• [TASK OBJECTIVE] Please copy each line in the records below that contains the string "pockets".

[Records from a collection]
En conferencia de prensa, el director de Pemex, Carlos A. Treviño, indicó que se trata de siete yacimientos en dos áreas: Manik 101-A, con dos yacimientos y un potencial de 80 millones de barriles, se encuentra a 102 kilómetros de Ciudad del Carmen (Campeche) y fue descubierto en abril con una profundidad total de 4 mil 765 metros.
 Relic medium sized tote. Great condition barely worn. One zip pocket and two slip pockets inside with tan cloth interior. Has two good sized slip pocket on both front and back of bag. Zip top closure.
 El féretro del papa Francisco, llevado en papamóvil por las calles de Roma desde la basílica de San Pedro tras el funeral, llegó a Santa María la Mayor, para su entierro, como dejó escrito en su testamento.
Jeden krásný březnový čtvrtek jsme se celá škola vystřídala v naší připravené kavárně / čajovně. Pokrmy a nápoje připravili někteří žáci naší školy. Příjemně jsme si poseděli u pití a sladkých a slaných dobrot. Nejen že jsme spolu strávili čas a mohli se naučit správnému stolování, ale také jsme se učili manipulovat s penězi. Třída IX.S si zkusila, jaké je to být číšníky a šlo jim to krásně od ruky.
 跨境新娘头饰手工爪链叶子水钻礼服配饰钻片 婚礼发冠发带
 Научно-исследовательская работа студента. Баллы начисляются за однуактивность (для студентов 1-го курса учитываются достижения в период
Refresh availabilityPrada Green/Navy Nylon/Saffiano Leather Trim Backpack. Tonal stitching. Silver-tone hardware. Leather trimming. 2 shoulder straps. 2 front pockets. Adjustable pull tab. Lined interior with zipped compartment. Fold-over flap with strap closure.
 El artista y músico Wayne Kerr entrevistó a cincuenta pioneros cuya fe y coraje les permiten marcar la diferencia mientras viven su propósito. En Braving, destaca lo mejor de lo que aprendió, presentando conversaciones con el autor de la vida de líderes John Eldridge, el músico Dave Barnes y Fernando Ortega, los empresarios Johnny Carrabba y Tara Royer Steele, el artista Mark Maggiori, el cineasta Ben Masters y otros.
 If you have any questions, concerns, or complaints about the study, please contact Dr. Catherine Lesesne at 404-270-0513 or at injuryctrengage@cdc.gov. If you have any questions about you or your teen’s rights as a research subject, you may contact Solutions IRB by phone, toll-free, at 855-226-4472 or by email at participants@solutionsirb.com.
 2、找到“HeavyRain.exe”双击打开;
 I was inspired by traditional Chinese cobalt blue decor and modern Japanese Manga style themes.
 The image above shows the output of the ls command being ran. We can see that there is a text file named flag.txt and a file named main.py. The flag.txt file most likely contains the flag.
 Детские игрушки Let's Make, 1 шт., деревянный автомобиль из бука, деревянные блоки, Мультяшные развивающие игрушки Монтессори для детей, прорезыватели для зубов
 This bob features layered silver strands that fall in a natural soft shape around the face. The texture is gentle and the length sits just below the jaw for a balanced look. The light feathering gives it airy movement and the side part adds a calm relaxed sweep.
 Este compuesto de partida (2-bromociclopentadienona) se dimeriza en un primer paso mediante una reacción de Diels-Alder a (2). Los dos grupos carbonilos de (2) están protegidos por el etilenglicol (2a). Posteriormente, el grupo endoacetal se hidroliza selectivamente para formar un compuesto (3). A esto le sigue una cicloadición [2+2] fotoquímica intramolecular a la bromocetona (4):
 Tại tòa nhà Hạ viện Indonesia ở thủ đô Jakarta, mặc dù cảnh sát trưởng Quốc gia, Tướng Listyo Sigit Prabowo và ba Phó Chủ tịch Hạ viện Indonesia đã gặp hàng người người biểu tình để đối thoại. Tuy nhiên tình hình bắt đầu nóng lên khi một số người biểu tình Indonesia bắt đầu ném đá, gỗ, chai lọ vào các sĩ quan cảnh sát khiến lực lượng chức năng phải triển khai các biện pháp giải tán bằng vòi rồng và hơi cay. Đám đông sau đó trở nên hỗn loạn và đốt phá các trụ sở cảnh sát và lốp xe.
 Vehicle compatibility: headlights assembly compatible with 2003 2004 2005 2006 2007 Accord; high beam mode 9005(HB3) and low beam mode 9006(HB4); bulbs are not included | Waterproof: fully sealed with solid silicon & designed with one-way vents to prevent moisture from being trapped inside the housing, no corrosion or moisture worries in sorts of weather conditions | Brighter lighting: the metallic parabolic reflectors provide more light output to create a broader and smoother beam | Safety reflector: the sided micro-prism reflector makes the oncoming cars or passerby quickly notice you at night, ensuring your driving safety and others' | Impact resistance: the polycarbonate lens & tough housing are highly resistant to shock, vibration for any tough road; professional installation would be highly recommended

• [WRITTEN ANSWER]
 Relic medium sized tote. Great condition barely worn. One zip pocket and two slip pockets inside with tan cloth interior. Has two good sized slip pocket on both front and back of bag. Zip top closure.
Refresh availabilityPrada Green/Navy Nylon/Saffiano Leather Trim Backpack. Tonal stitching. Silver-tone hardware. Leather trimming. 2 shoulder straps. 2 front pockets. Adjustable pull tab. Lined interior with zipped compartment. Fold-over flap with strap closure.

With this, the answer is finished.